Information shown:
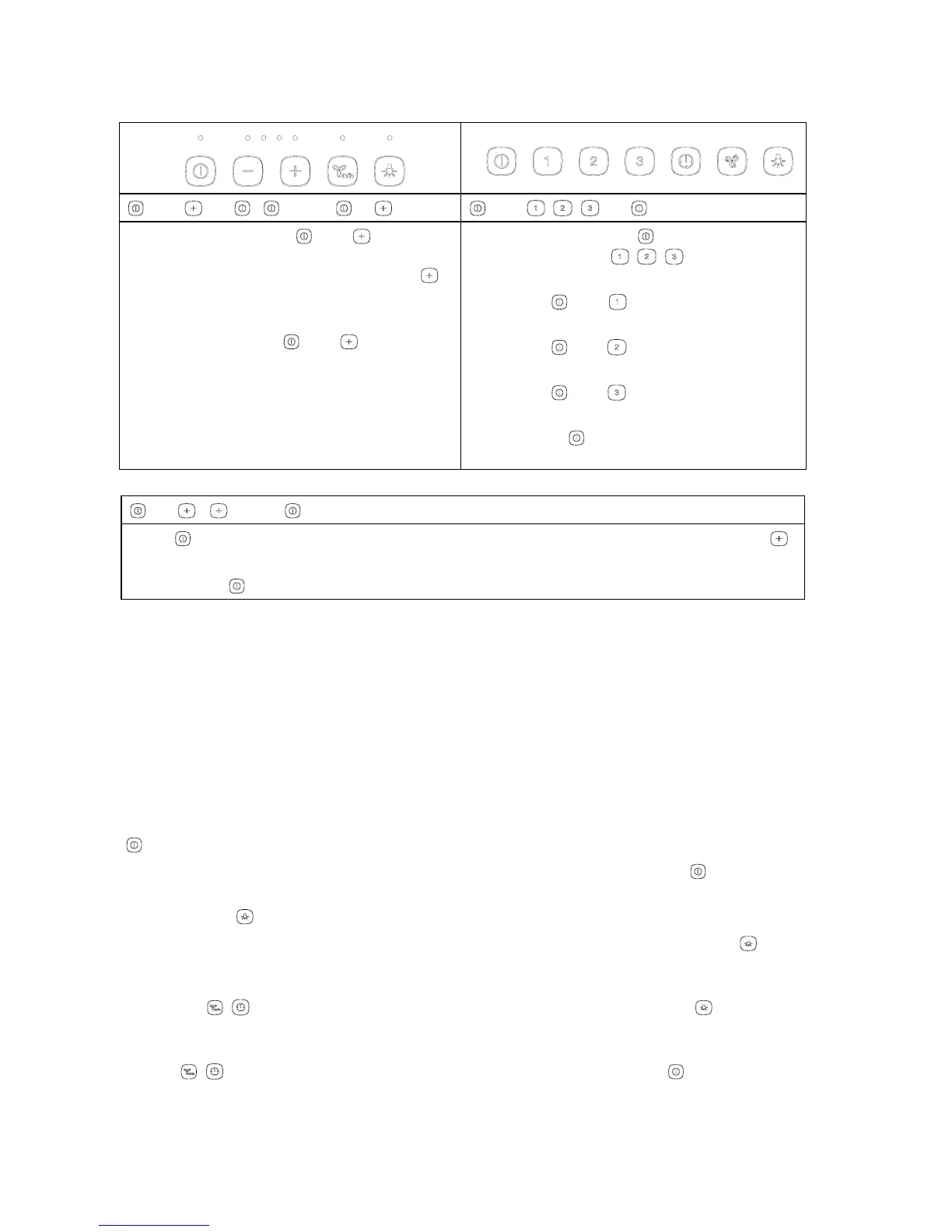 Einstellung für Abluftbetrieb: Motor und Beleuchtung ausschalten. 5 Sekunden gemeinsam die
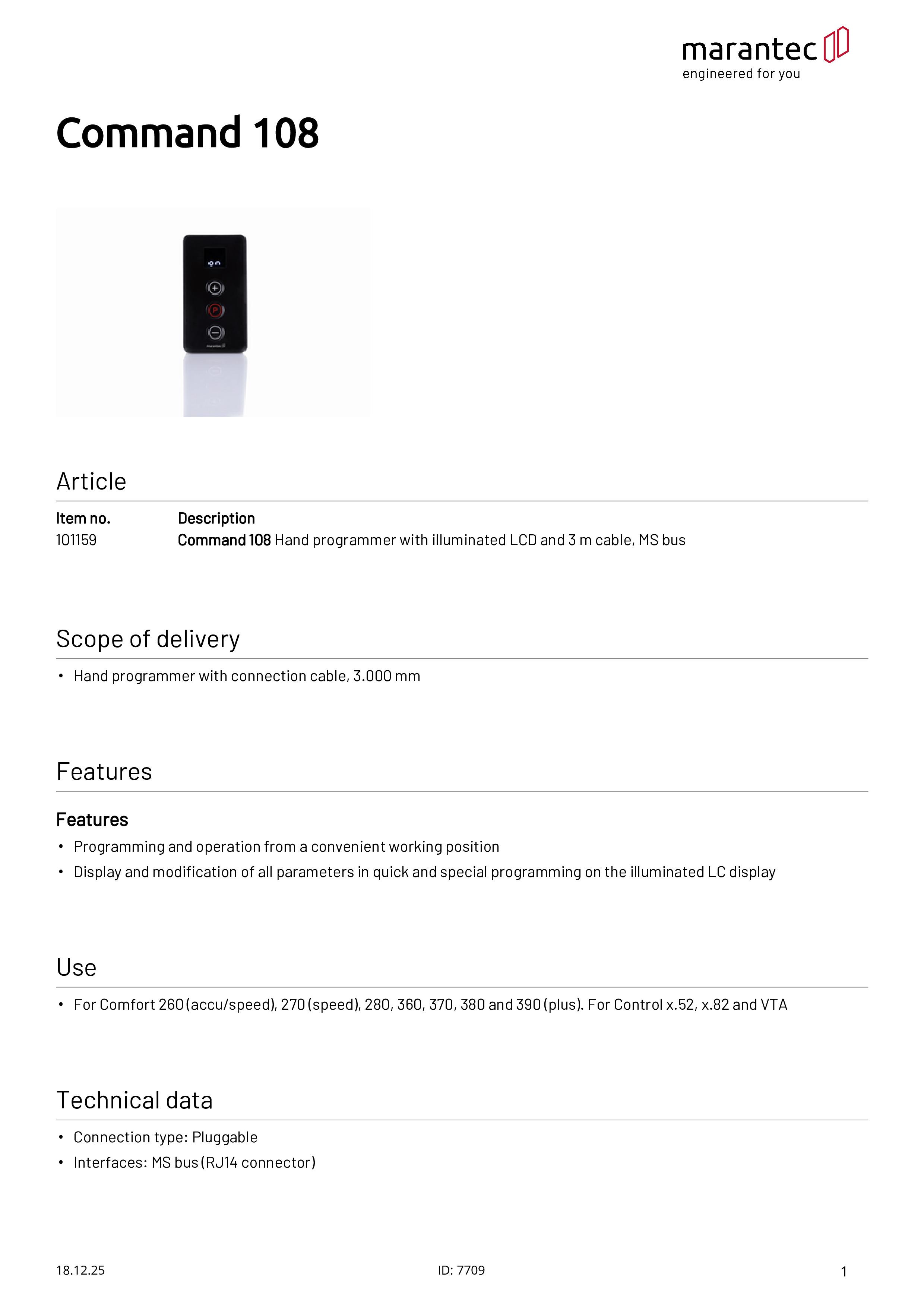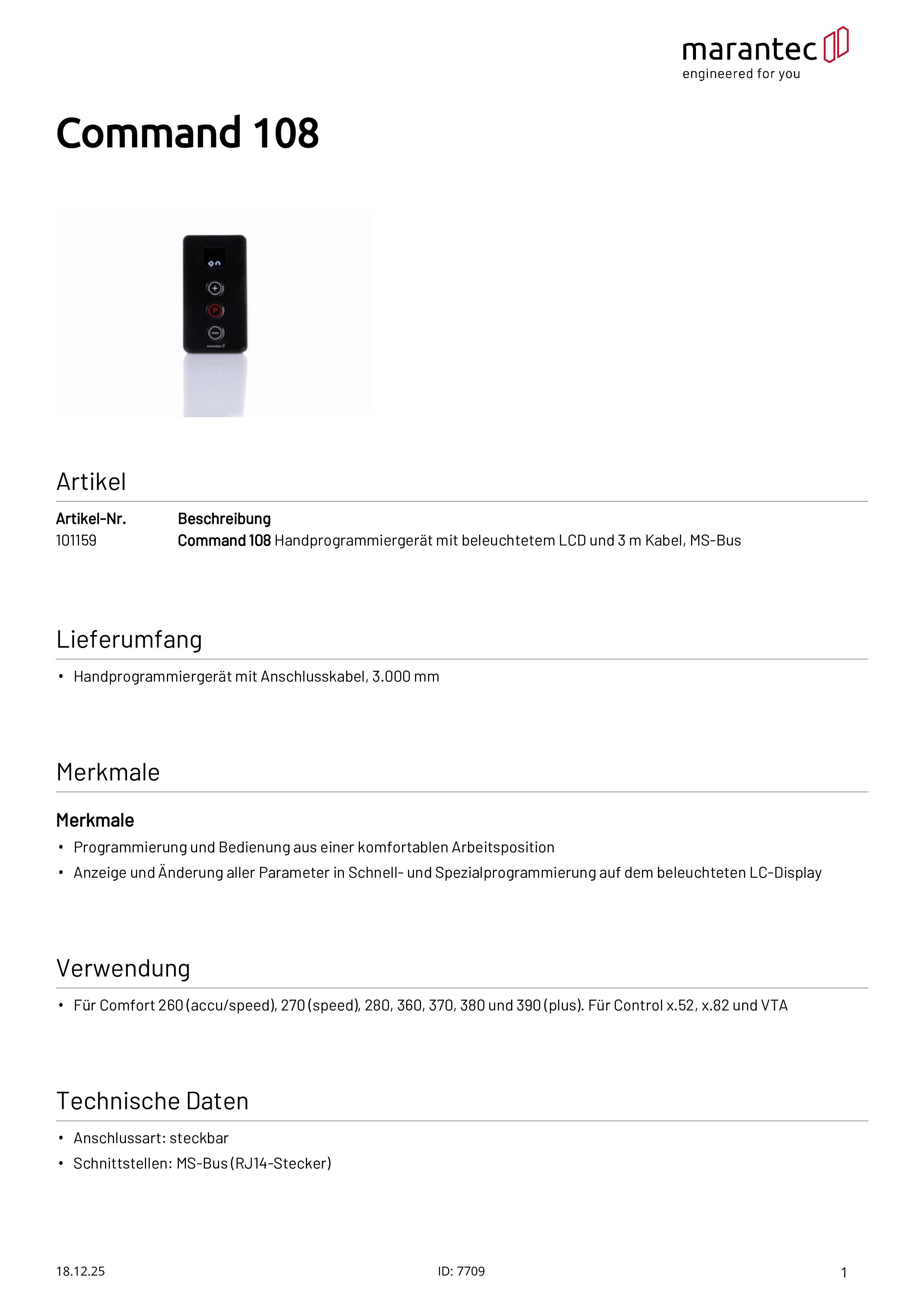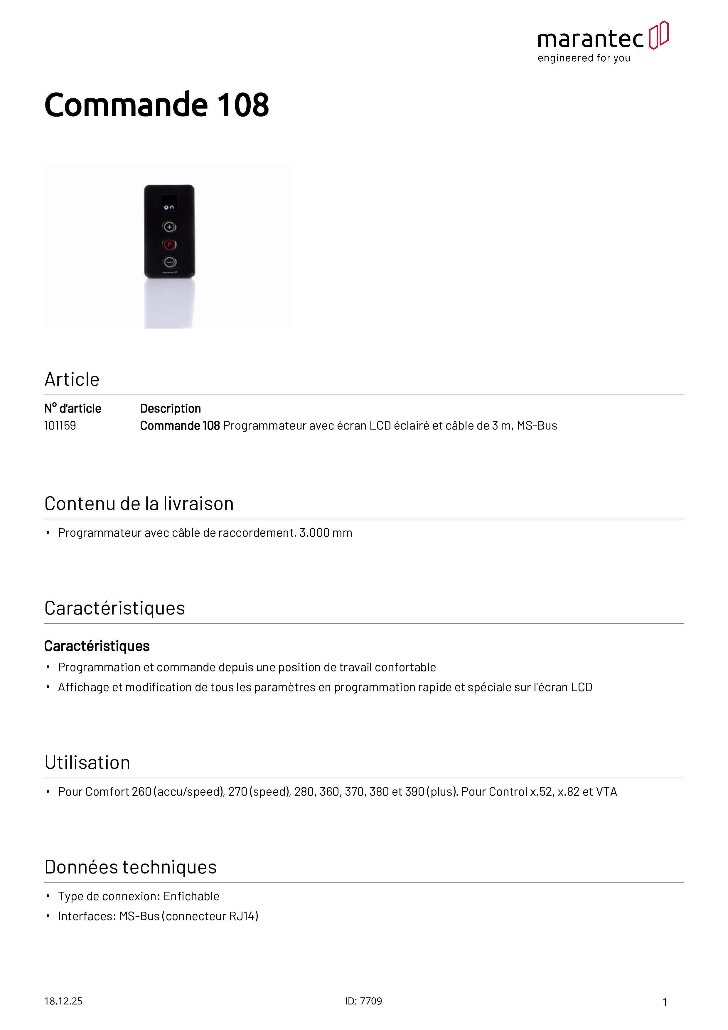 Programmateur Command 108 avec écran LCD éclairé et câble de 3 m, MS-Bus
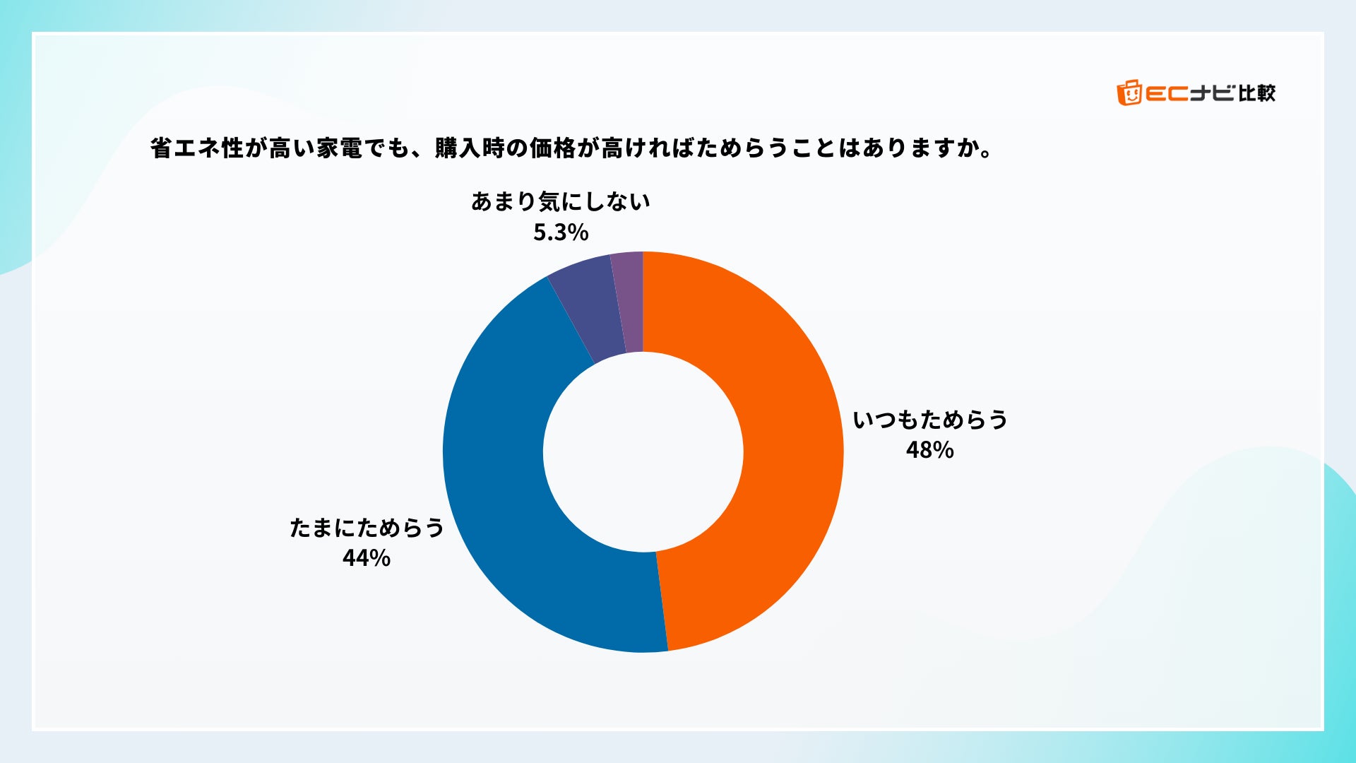 省エネ性が高い家電でも、購入時の価格が高ければためらうことはあるか聞いたところ、「いつもためらう」が48.00%、「たまにためらう」が44.00%と、合計92.00%の回答者が高価格にためらいを感じています。「気にしない」と回答した人は合計しても約8%にすぎず、省エネ性能が高くても初期投資額が大きい場合は購入判断に強く影響することが明確です。

What needs to be done:
Keep the pictures out of the copy and write out the data exactly as it stands.

Solution to this task:
 Einstellung für Abluftbetrieb: Motor und Beleuchtung ausschalten. 5 Sekunden gemeinsam die
 Programmateur Command 108 avec écran LCD éclairé et câble de 3 m, MS-Bus
 省エネ性が高い家電でも、購入時の価格が高ければためらうことはあるか聞いたところ、「いつもためらう」が48.00%、「たまにためらう」が44.00%と、合計92.00%の回答者が高価格にためらいを感じています。「気にしない」と回答した人は合計しても約8%にすぎず、省エネ性能が高くても初期投資額が大きい場合は購入判断に強く影響することが明確です。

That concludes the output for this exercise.